Le seul moyen connu aujourd'hui pour limiter la virulence du Covid-19 sont les vaccins qui permettent de diminuer largement les cas graves en cas d'infection. Mais cette semaine, les résultats d'une pré-étude - encore non publiée - "montrent une fuite [immunitaire] beaucoup plus étendue" avec Omicron.
"Malheureusement, d'après les premières nouvelles qui nous arrivent d'Afrique du Sud, il y a une baisse de l'efficacité du vaccin qui a l'air importante" face au variant Omicron, a expliqué ce mardi sur FranceInfo l'infectiologue Anne-Claude Crémieux. Toutefois, "la baisse de protection est importante, mais elle est partielle. Aujourd'hui nous n'avons pas encore les résultats avec le rappel, il est possible que le rappel nous permette d'avoir une protection contre les formes sévères".

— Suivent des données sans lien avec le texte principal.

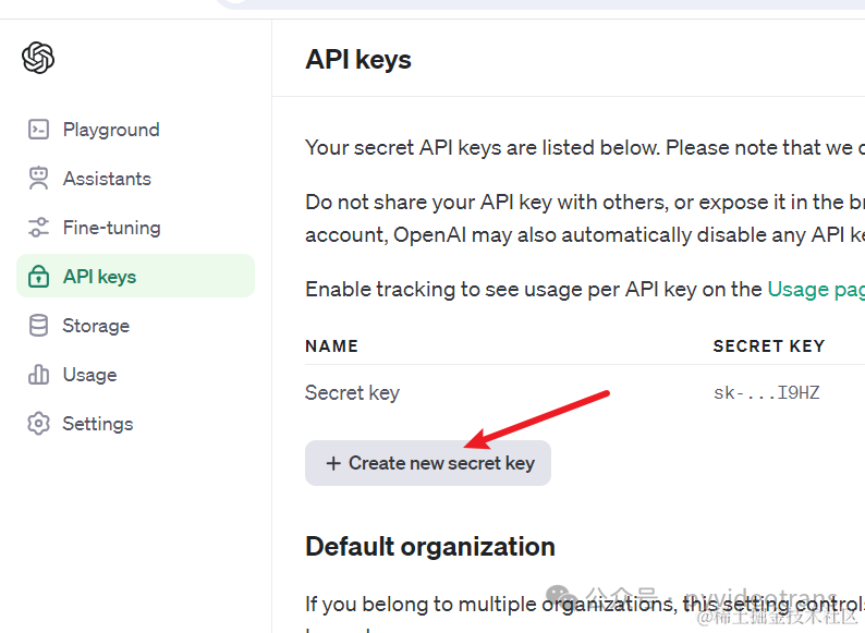 3. 然后右侧点击 “Create new secret key”,创建secret key(SK)

Michael Ryan s'est voulu rassurant sur ce sujet, estimant que les premières informations recueillies en Afrique du Sud "suggèrent que le vaccin semble tenir bon en termes de protection". Il a reconnu que les vaccins pourraient se révéler moins efficaces contre Omicron, mais "il est fort improbable", pour lui, que le variant puisse échapper totalement à la protection conférée par les vaccins.
"Les données préliminaires que nous avons d'Afrique du Sud ne montrent pas que nous avons une perte d'efficacité aux proportions catastrophiques", a-t-il indiqué, et "la meilleure arme que nous ayons actuellement c'est de se faire vacciner", a-t-il répété.
Ce mercredi, les entreprises Pfizer et BioNTech ont assuré que leur vaccin était "toujours efficace" après "trois doses" contre le variant Omicron du virus "s'il a été administré trois fois". Mais ce variant n'est "probablement pas suffisamment neutralisé après deux doses". "Nous allons poursuivre le développement d'un vaccin spécifique au variant Omicron et espérons le rendre disponible d'ici mars au cas où une adaptation serait nécessaire", ont-ils également indiqué.
Outre les vaccins, les scientifiques rappellent l'importance de respecter les gestes barrières, qui restent eux complètement efficaces pour limiter la circulation de ce variant.